What is required
Hunt through the lines below for the string "Pedro" and copy each one that has it.

Saved entries

───

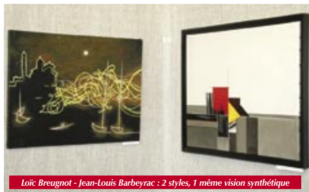
Loïc Breugnot - Jean-Louis Barbeyrac : 2 styles, 1 même vision synthétique
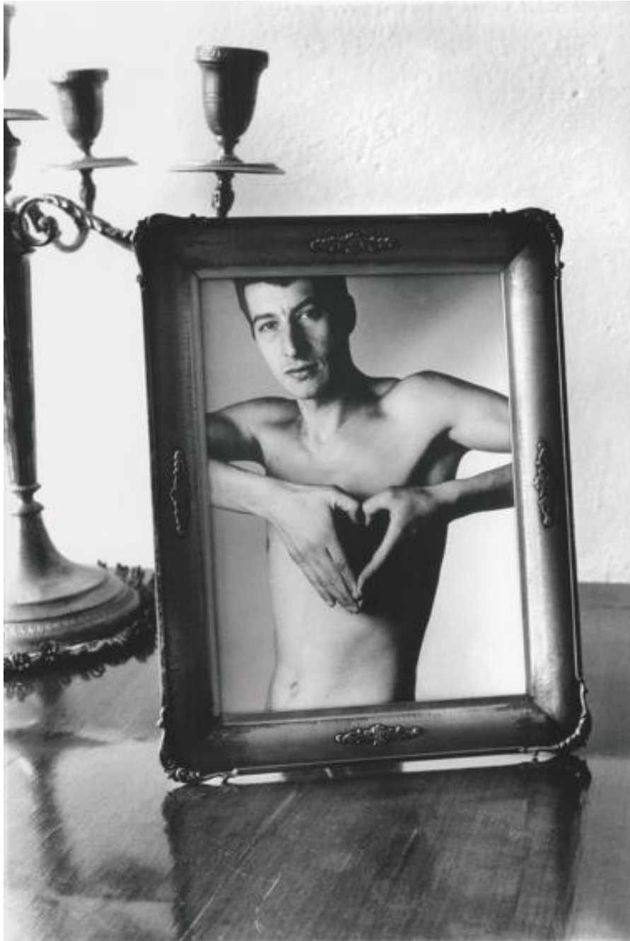
Fig. 1: Maurizio Cattelan. Lessico familiare , 1989.

Black-and-white photograph and silver frame. 19,7 cm. x 15 cm.
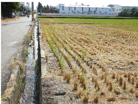
時間：113年11月27日 說明：阿罩霧第二幹線喀哩2號埤支線1分線4小給周邊環境
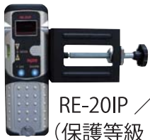
RE-20IP / RC-2 (保護等級：IP54)
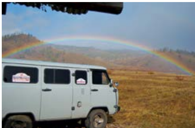
↑ Zlatá brána otvorená...
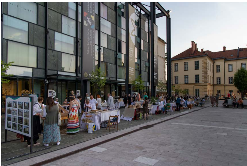
SEMenj - rokodelci na Poletni muzejski noči
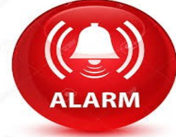
1- تشغيل صافرة الإنذار
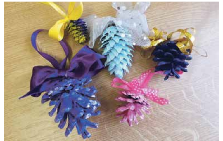
Pielīmējot lentītes un bantītes, izveidosim vēl greznākus čiekurus.

tās sāli. Pašus galiņus var nokrāsot ar sudraba krāsu. Lai izrotātu māju, nav vajadzīgi lieli finanšu ieguldījumi, vien jautri vakari – kopā ar bērniem
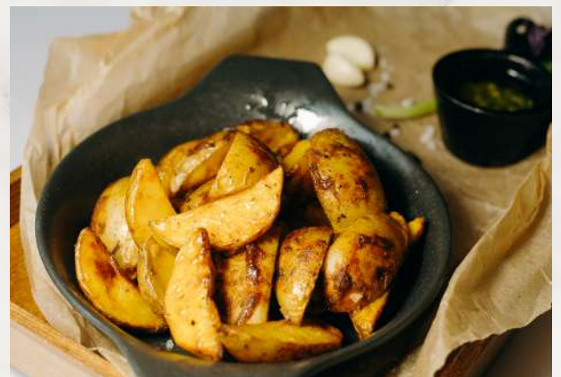
Картофель, запеченный с разнотравьем картофель, масло растительное, смесь трав
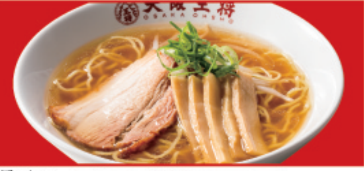
醤油ラーメン 650円(税込) 醤油ラーメン(ハーフ) 450円(税込)
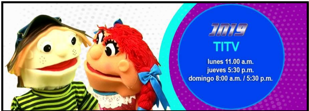
Figura 2. Afiche de presentación del microprograma
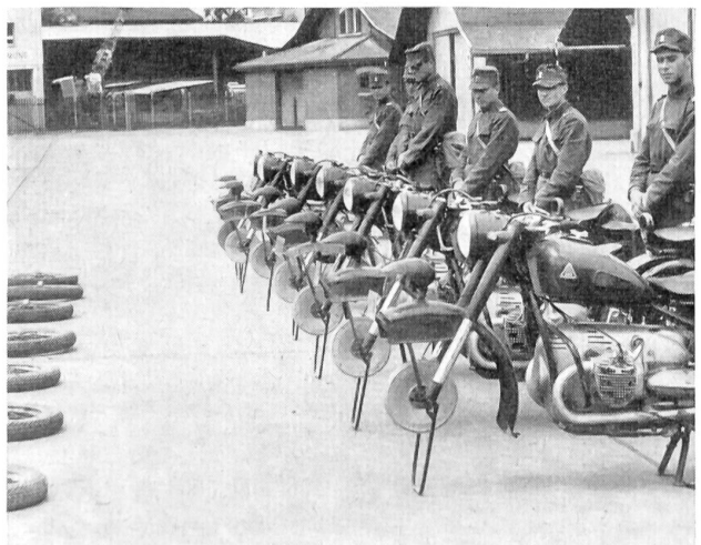
Technische Ausbildung, Ausbau der Vorderachse A-580
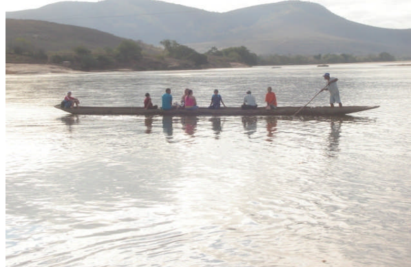
FIGURA 2 - Travessia do Rio Jequitinhonha para acesso à vila central de São Pedro do Jequitinhonha, Minas Gerais, 2008.

As crianças e adolescentes residentes em São Pedro freqüentam a escola estadual que está localizada na vila central e que oferece os ensinos de nível fundamental e médio nos turnos matutino e vespertino. Existe um transporte escolar para os moradores das localidades rurais, mas há locais em que as crianças precisam andar a pé ou a cavalo por cerca de duas horas para chegarem ao ponto do transporte escolar ou à escola. Além da escola, algumas crianças e adolescentes freqüentam a sede do Programa de Erradicação do Trabalho Infantil (PETI), onde desenvolvem atividades educativas e de inclusão social.
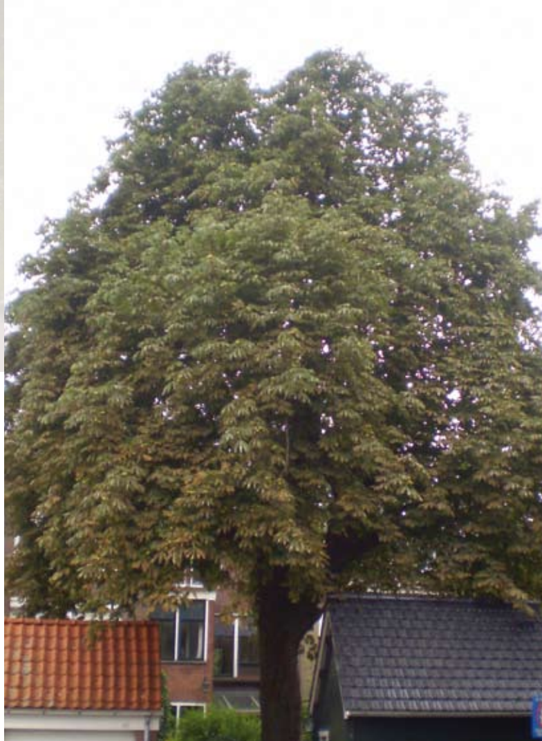
Eén van de vele oude paardekastanjes; deze staat achter de Turfsingel in een tuin

Meestal hebben de oude bomen een sierfunctie. Maar soms hadden ze van oorsprong een nuttige functie. De bomen moesten bijvoorbeeld de zon uit de voorkamers van de boerderij houden waar kaas werd gemaakt en opgeslagen. Voor die functie werden de bomen dan ook nog eens in leivorm gesnoeid, zoals lindes of paardekastanjes. In de binnenstad en omliggende wijken hebben de bomen vrijwel uitsluitend een sierfunctie als begeleiding van grachten en singels. De bomen zijn sfeerbepalend in de oude parken en tuinen.
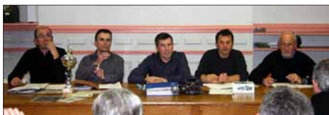
L'assemblée générale du TGVS, en décembre 2009.
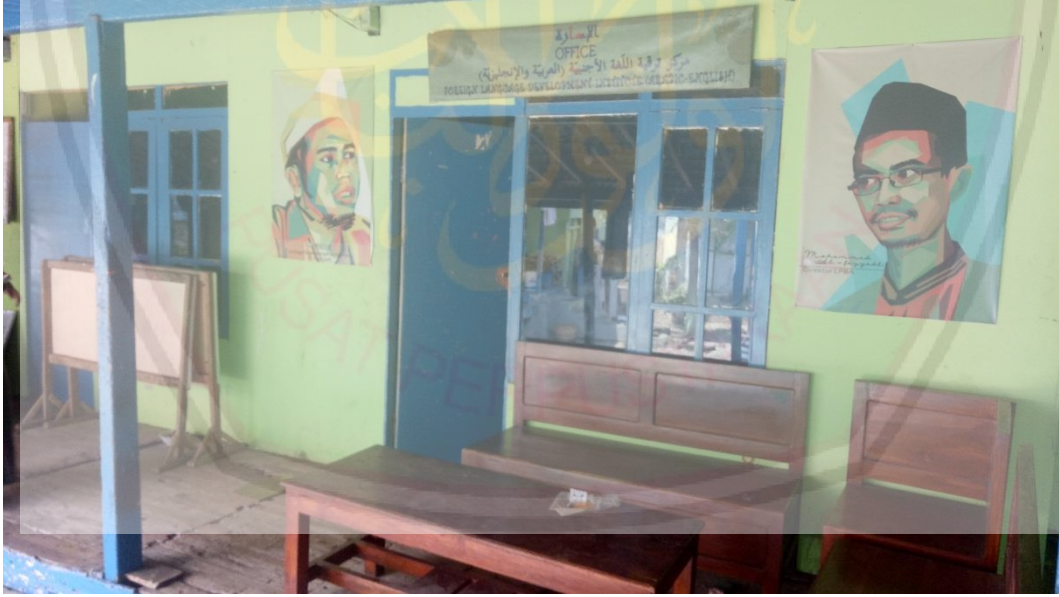
إدارة مركز ترقية اللغة الأجنبية والمكتبة
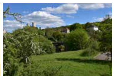
Burg Saaleck und die Rudelsburg links versteckt

───

Result
FIGURA 2 - Travessia do Rio Jequitinhonha para acesso à vila central de São Pedro do Jequitinhonha, Minas Gerais, 2008.
As crianças e adolescentes residentes em São Pedro freqüentam a escola estadual que está localizada na vila central e que oferece os ensinos de nível fundamental e médio nos turnos matutino e vespertino. Existe um transporte escolar para os moradores das localidades rurais, mas há locais em que as crianças precisam andar a pé ou a cavalo por cerca de duas horas para chegarem ao ponto do transporte escolar ou à escola. Além da escola, algumas crianças e adolescentes freqüentam a sede do Programa de Erradicação do Trabalho Infantil (PETI), onde desenvolvem atividades educativas e de inclusão social.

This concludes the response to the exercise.